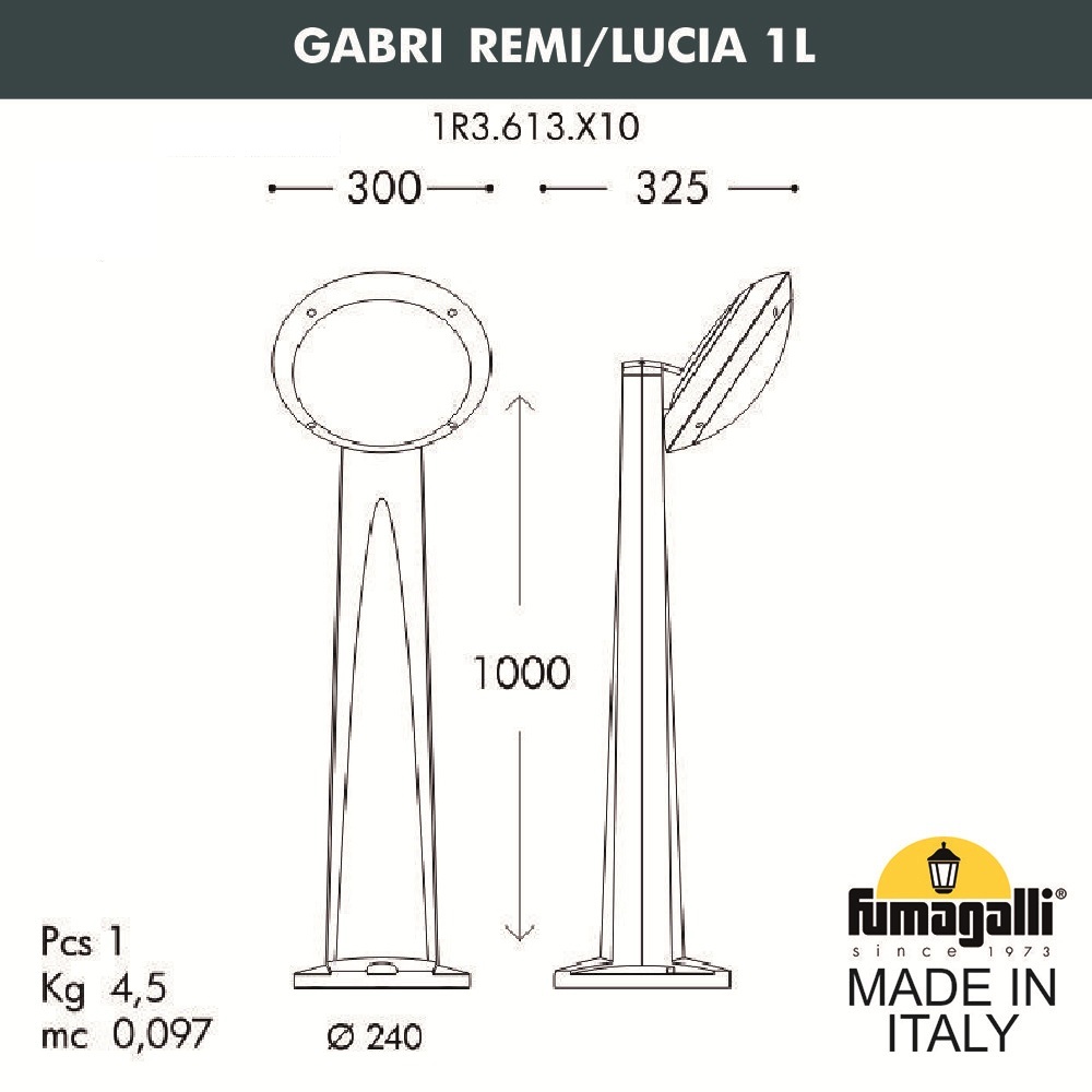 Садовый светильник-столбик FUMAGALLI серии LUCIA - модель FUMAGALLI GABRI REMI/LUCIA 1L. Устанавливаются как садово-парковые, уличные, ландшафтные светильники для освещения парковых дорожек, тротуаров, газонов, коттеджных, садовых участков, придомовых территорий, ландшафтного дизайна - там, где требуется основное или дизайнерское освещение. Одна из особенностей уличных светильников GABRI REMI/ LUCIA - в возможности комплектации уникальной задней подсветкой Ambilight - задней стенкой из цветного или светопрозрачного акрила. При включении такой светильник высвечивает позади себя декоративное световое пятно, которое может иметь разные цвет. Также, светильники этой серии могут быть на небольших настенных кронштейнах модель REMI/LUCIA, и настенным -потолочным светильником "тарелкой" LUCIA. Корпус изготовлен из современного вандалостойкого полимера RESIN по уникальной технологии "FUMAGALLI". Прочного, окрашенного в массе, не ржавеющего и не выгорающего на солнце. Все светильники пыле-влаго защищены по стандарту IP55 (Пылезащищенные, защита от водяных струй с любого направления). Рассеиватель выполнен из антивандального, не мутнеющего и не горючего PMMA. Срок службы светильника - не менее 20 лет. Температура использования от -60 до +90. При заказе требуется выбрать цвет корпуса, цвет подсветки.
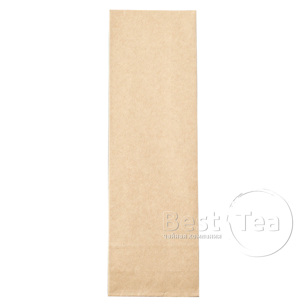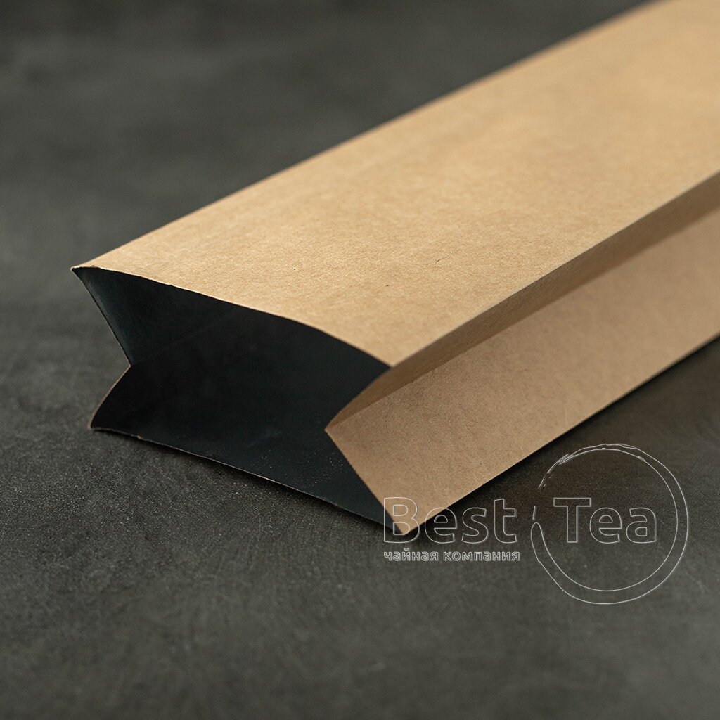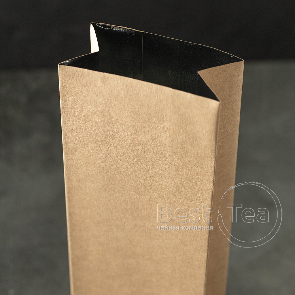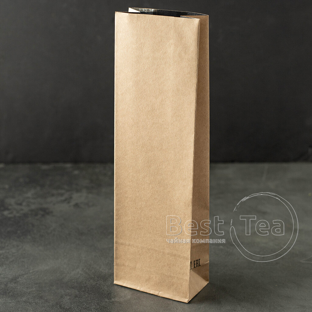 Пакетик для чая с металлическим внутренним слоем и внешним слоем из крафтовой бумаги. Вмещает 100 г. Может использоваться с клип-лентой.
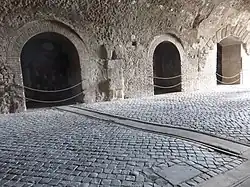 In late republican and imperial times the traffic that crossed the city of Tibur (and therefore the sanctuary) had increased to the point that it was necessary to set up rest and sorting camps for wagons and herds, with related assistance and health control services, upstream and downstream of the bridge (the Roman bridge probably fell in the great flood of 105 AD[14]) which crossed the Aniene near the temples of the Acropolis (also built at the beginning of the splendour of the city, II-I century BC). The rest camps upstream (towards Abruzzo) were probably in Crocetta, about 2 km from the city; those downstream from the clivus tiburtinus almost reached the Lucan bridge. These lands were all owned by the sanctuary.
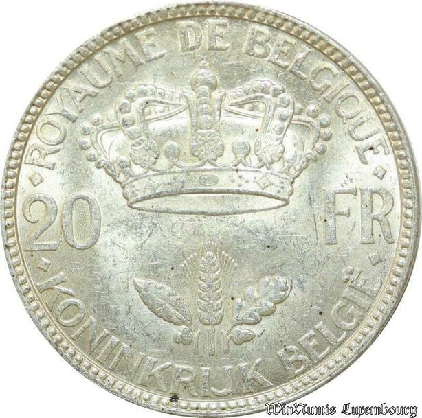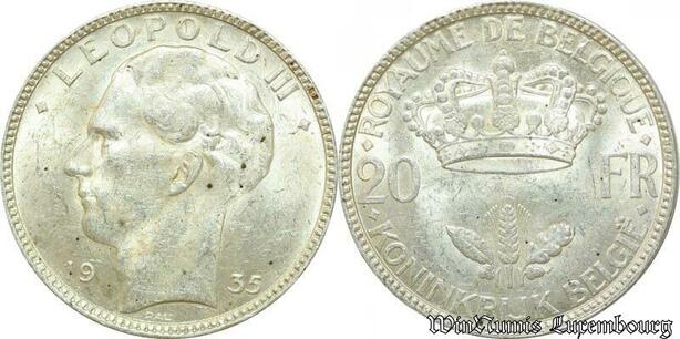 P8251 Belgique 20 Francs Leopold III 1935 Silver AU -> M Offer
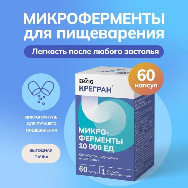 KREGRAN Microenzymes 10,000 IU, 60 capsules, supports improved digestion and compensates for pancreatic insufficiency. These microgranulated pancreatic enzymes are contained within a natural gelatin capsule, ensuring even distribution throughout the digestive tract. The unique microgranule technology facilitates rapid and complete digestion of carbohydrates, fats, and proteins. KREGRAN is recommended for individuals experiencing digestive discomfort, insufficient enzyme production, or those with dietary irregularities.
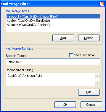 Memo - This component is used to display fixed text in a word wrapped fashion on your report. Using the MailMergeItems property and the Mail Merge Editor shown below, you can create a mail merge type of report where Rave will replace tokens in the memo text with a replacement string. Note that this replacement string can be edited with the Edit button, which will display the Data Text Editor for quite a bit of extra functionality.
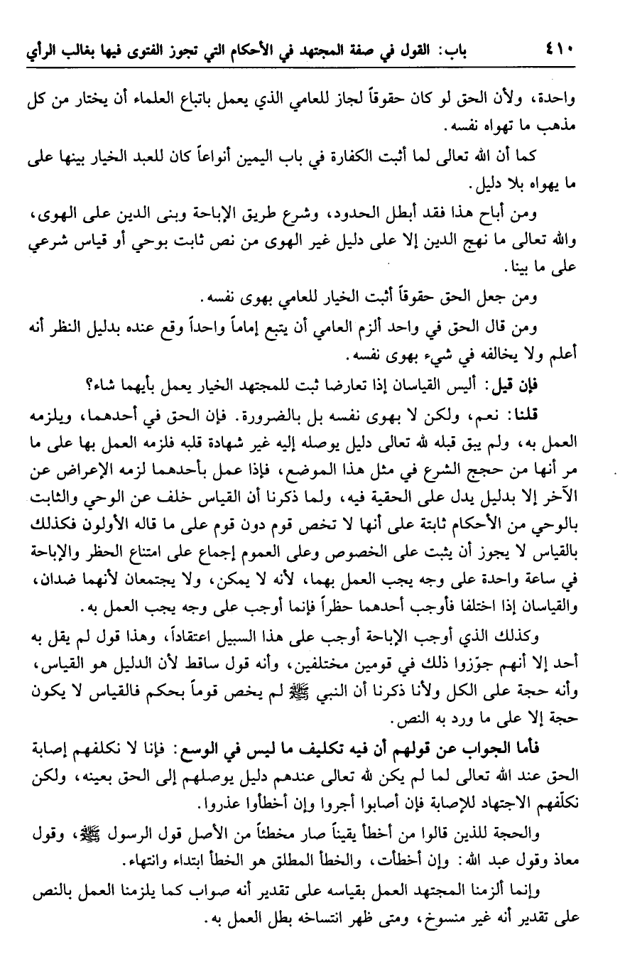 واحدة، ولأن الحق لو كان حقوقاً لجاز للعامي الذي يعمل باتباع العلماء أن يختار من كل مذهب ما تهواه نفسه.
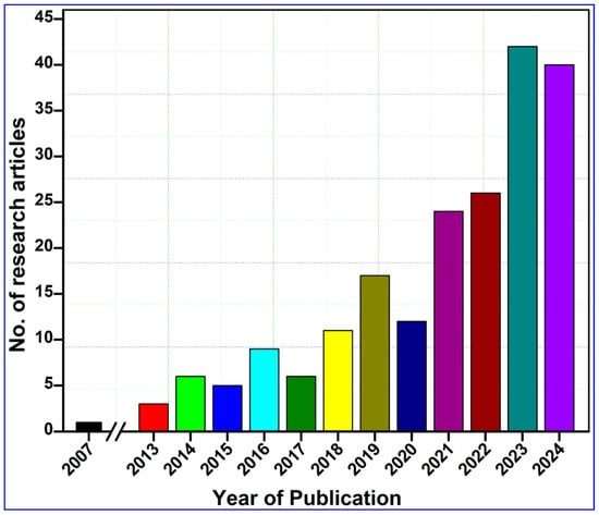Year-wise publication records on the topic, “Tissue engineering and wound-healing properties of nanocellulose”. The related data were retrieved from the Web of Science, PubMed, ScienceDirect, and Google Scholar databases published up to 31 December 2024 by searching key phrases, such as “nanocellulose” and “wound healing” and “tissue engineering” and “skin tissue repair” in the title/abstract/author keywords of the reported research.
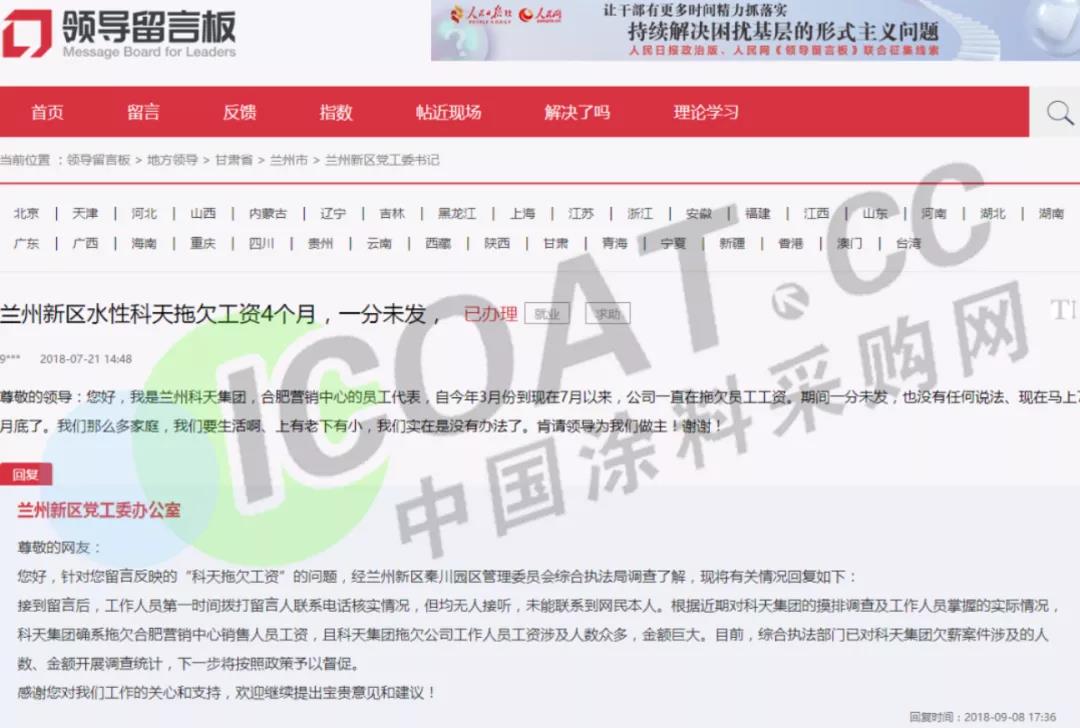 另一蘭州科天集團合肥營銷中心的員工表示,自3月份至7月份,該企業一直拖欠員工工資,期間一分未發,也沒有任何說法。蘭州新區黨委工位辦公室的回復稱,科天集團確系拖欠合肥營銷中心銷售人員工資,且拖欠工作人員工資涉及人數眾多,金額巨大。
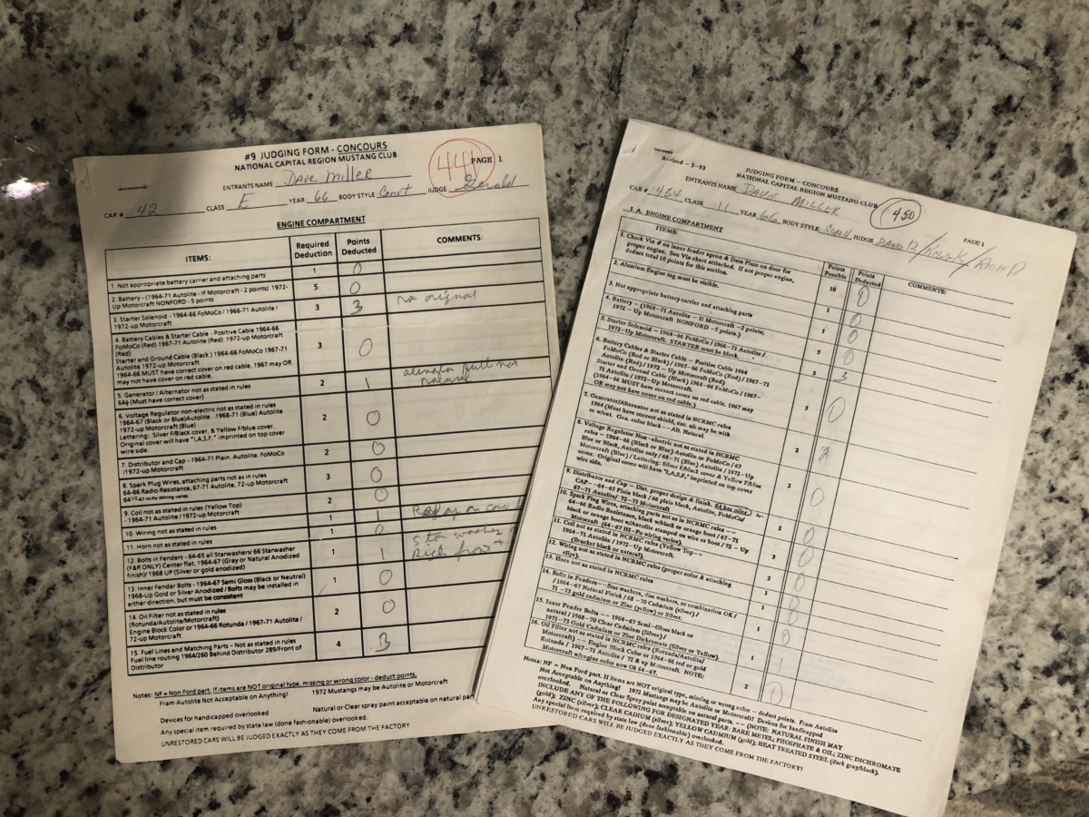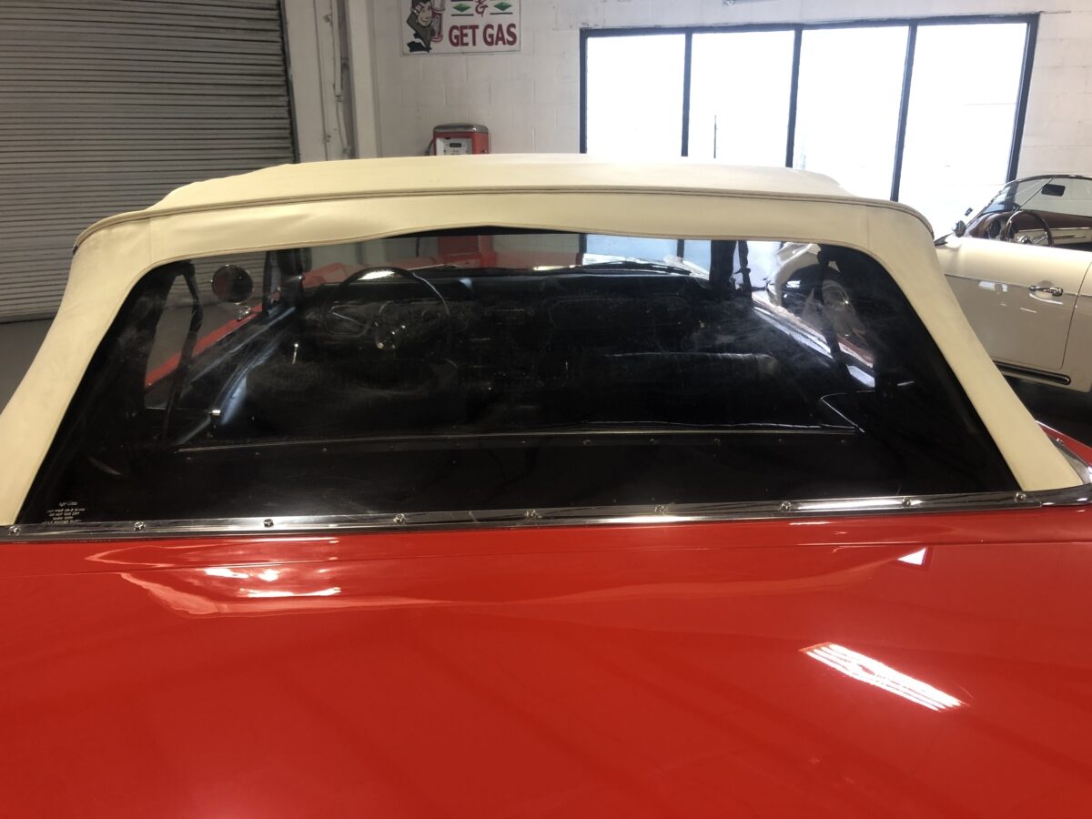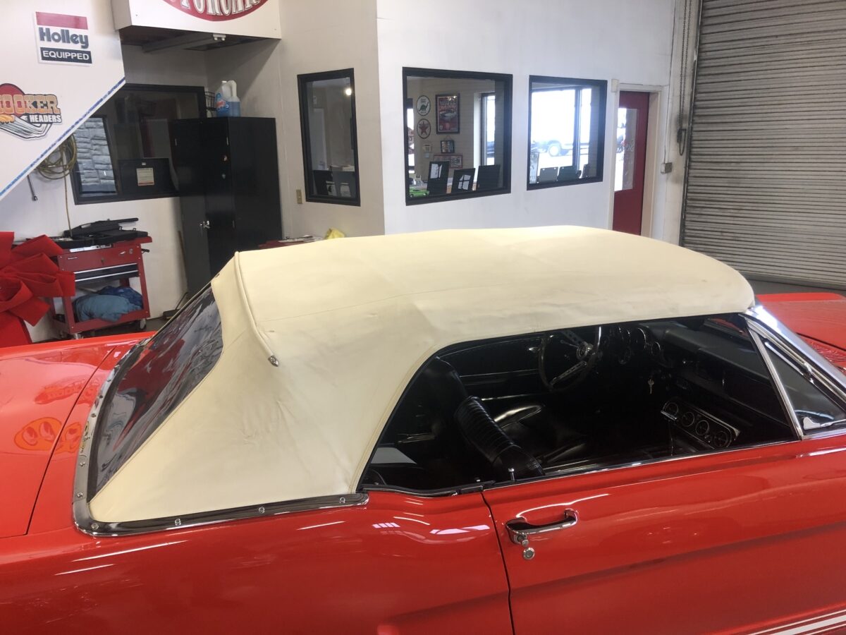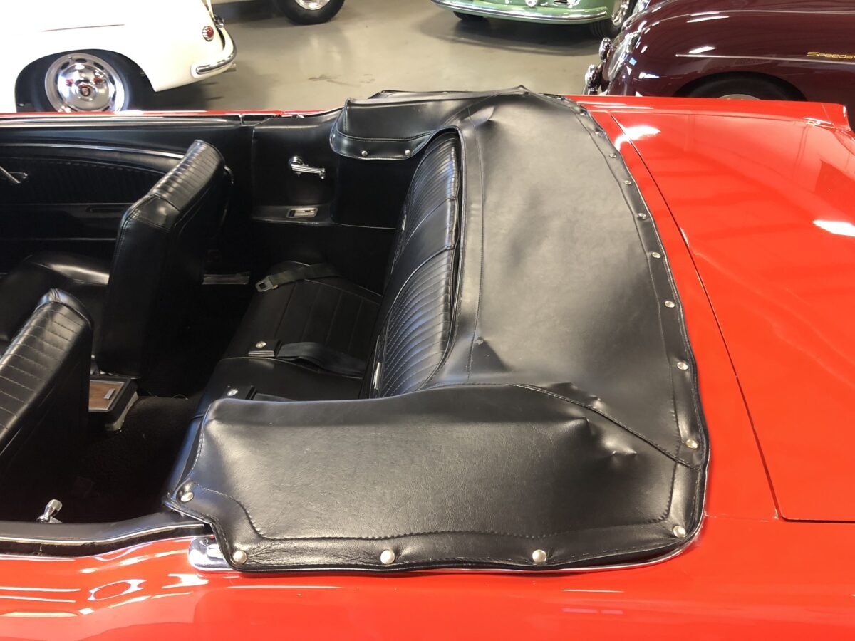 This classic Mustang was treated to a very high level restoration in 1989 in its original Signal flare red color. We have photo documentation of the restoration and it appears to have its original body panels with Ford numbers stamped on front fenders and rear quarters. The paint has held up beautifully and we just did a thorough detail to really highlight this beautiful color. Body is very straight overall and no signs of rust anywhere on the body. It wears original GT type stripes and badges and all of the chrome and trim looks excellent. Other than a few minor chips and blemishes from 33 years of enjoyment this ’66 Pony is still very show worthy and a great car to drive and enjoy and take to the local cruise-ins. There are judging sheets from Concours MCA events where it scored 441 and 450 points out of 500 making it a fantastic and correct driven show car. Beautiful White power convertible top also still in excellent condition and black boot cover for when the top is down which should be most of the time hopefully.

Task: An exact transcription of the listing is required, and it must contain no pictures.

Answer space:
 Садовый светильник-столбик FUMAGALLI серии LUCIA - модель FUMAGALLI GABRI REMI/LUCIA 1L. Устанавливаются как садово-парковые, уличные, ландшафтные светильники для освещения парковых дорожек, тротуаров, газонов, коттеджных, садовых участков, придомовых территорий, ландшафтного дизайна - там, где требуется основное или дизайнерское освещение. Одна из особенностей уличных светильников GABRI REMI/ LUCIA - в возможности комплектации уникальной задней подсветкой Ambilight - задней стенкой из цветного или светопрозрачного акрила. При включении такой светильник высвечивает позади себя декоративное световое пятно, которое может иметь разные цвет. Также, светильники этой серии могут быть на небольших настенных кронштейнах модель REMI/LUCIA, и настенным -потолочным светильником "тарелкой" LUCIA. Корпус изготовлен из современного вандалостойкого полимера RESIN по уникальной технологии "FUMAGALLI". Прочного, окрашенного в массе, не ржавеющего и не выгорающего на солнце. Все светильники пыле-влаго защищены по стандарту IP55 (Пылезащищенные, защита от водяных струй с любого направления). Рассеиватель выполнен из антивандального, не мутнеющего и не горючего PMMA. Срок службы светильника - не менее 20 лет. Температура использования от -60 до +90. При заказе требуется выбрать цвет корпуса, цвет подсветки.
 Пакетик для чая с металлическим внутренним слоем и внешним слоем из крафтовой бумаги. Вмещает 100 г. Может использоваться с клип-лентой.
 In late republican and imperial times the traffic that crossed the city of Tibur (and therefore the sanctuary) had increased to the point that it was necessary to set up rest and sorting camps for wagons and herds, with related assistance and health control services, upstream and downstream of the bridge (the Roman bridge probably fell in the great flood of 105 AD[14]) which crossed the Aniene near the temples of the Acropolis (also built at the beginning of the splendour of the city, II-I century BC). The rest camps upstream (towards Abruzzo) were probably in Crocetta, about 2 km from the city; those downstream from the clivus tiburtinus almost reached the Lucan bridge. These lands were all owned by the sanctuary.
 P8251 Belgique 20 Francs Leopold III 1935 Silver AU -> M Offer
 KREGRAN Microenzymes 10,000 IU, 60 capsules, supports improved digestion and compensates for pancreatic insufficiency. These microgranulated pancreatic enzymes are contained within a natural gelatin capsule, ensuring even distribution throughout the digestive tract. The unique microgranule technology facilitates rapid and complete digestion of carbohydrates, fats, and proteins. KREGRAN is recommended for individuals experiencing digestive discomfort, insufficient enzyme production, or those with dietary irregularities.
 Memo - This component is used to display fixed text in a word wrapped fashion on your report. Using the MailMergeItems property and the Mail Merge Editor shown below, you can create a mail merge type of report where Rave will replace tokens in the memo text with a replacement string. Note that this replacement string can be edited with the Edit button, which will display the Data Text Editor for quite a bit of extra functionality.
 واحدة، ولأن الحق لو كان حقوقاً لجاز للعامي الذي يعمل باتباع العلماء أن يختار من كل مذهب ما تهواه نفسه.
Year-wise publication records on the topic, “Tissue engineering and wound-healing properties of nanocellulose”. The related data were retrieved from the Web of Science, PubMed, ScienceDirect, and Google Scholar databases published up to 31 December 2024 by searching key phrases, such as “nanocellulose” and “wound healing” and “tissue engineering” and “skin tissue repair” in the title/abstract/author keywords of the reported research.
 另一蘭州科天集團合肥營銷中心的員工表示,自3月份至7月份,該企業一直拖欠員工工資,期間一分未發,也沒有任何說法。蘭州新區黨委工位辦公室的回復稱,科天集團確系拖欠合肥營銷中心銷售人員工資,且拖欠工作人員工資涉及人數眾多,金額巨大。
 This classic Mustang was treated to a very high level restoration in 1989 in its original Signal flare red color. We have photo documentation of the restoration and it appears to have its original body panels with Ford numbers stamped on front fenders and rear quarters. The paint has held up beautifully and we just did a thorough detail to really highlight this beautiful color. Body is very straight overall and no signs of rust anywhere on the body. It wears original GT type stripes and badges and all of the chrome and trim looks excellent. Other than a few minor chips and blemishes from 33 years of enjoyment this ’66 Pony is still very show worthy and a great car to drive and enjoy and take to the local cruise-ins. There are judging sheets from Concours MCA events where it scored 441 and 450 points out of 500 making it a fantastic and correct driven show car. Beautiful White power convertible top also still in excellent condition and black boot cover for when the top is down which should be most of the time hopefully.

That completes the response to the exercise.